Difference between revisions of "Standard Method"

The Standard Method is a technique developed by Tony Atkins which finds a solution to three large numbers rounds approximately 60% of the time.

Steps

The method involves working backwards, and as Carol Vorderman used to say: "cover the one you need to use last". That is the one (or possible more than one) number that takes you from the nearest multiple of 25 to the target. Of course it might also be the second nearest multiple of 25 or in extreme cases the third nearest multiple of 25. If the target divides by 25 then there is nothing to cover up. Often it is one or possibly two of the small numbers that you cover, or it may be two of the large ones which produce a small number when they divide into each other.

Then using the remaining small and large numbers get to that multiple of 25, which may involve going via another multiple of 25 then adding or subtracting to get to the required multiple.

Useful things to know are:

1. The bigs divided: 50 ÷ 25 = 2; 100 ÷ 50 = 2; 75 ÷ 25 = 3; 100 ÷ 25 = 4.
2. The 25, 50, 75, 100, 125, 150, 175 times tables up to 1050.
   • Quite common are 13 × 75 = 975; 7 × 125 or 5 × 175 = 875; or 8 × 125 = 1000.
   • Also useful is to subtract from the 25 and multiply by 50 (e.g. (25 − 6) × 50 = 950)
3. Shortcuts like: 25 squared is 625 (this is Tony's favourite sub-method). It can be made from 25 × (100 − 75); 25 × (75 − 50); 25 × 50 ÷ 2; 25 × 75 ÷ 3; 25 × 100 ÷ 4 and more extremely by (50 × 75) ÷ 6 or (50 × 100) ÷ 8.

Some worked examples from Tony's shows:

• 50 25 75 1 10 7 → 827 — save 50 ÷ 25 = 2; (10 + 1) × 75 = 825; add the 2.
• 100 25 50 9 7 9 → 577 — save 9 − 7 = 2 (not 100 ÷ 50 etc.); (50 + 25) × 9 = 675; 675 − 100 = 575; add the 2 (He didn't solve this one).
• 50 25 75 6 4 2 → 623 — save the 2; (75 − 50) × 25 = 625; subtract the 2.
• 50 100 25 9 4 4 → 252 — save 100 ÷ 50 = 2; 9 + 4 ÷ 4 = 10; 10 × 25 = 250; add the 2.
  • (This can also be done by 4 × 63 or 9 × 28, but he didn't solve this one either).
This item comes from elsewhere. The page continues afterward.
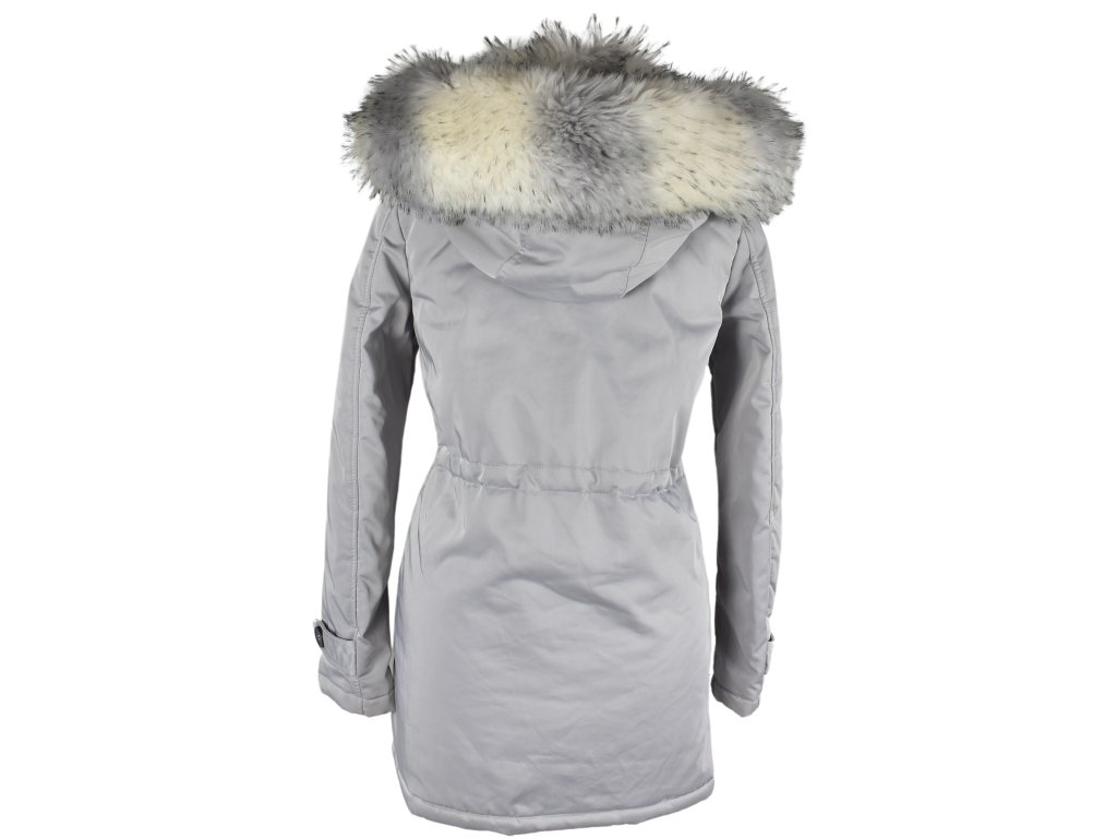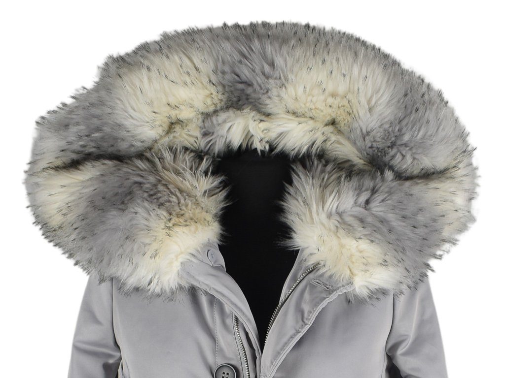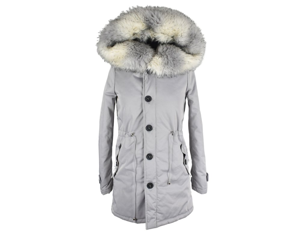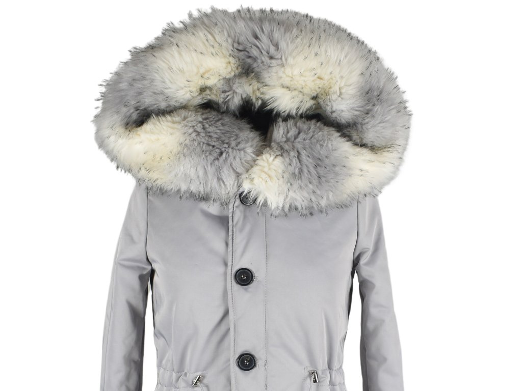 Dámská zimní šedá parka s objemnou kožešinovou kapucí K.Zell S

The two numbers games out of Tony's six that were not soluble with the Standard Method were:

• 100 75 50 5 6 4 → 878 (only one away possible — 879 by the Standard Method).
• 50 100 25 7 10 7 → 779 (two possible ways but neither by the Standard Method).

Other methods

Other ways of tackling 3 large when the Standard Method fails include:

1. Get Up There as Fast as Possible (e.g. (100 + 10) × 7 + 7 + 50 ÷ 25 = 779).
2. Use the multiplier to make the add on (e.g. (75 + 2 + 1) × 4 + 50 = 362 to make 350 + 12). Using a 1 is often useful to add or subtract before multiplying.
3. Method of 937.5 (as in 4 large solves) (e.g. (25 × 75 + 1) ÷ 2 = 938 or (50 × 75 + 2) ÷ 4 = 938).
4. Factors (e.g. (25 − 6) × (75 − 50 − 6) = 361).
5. Multiply by 10, if you have 10 or 50 ÷ 5 etc., then add/subtract to the target.

Origin

The method was originally posted on an Apterous ticket.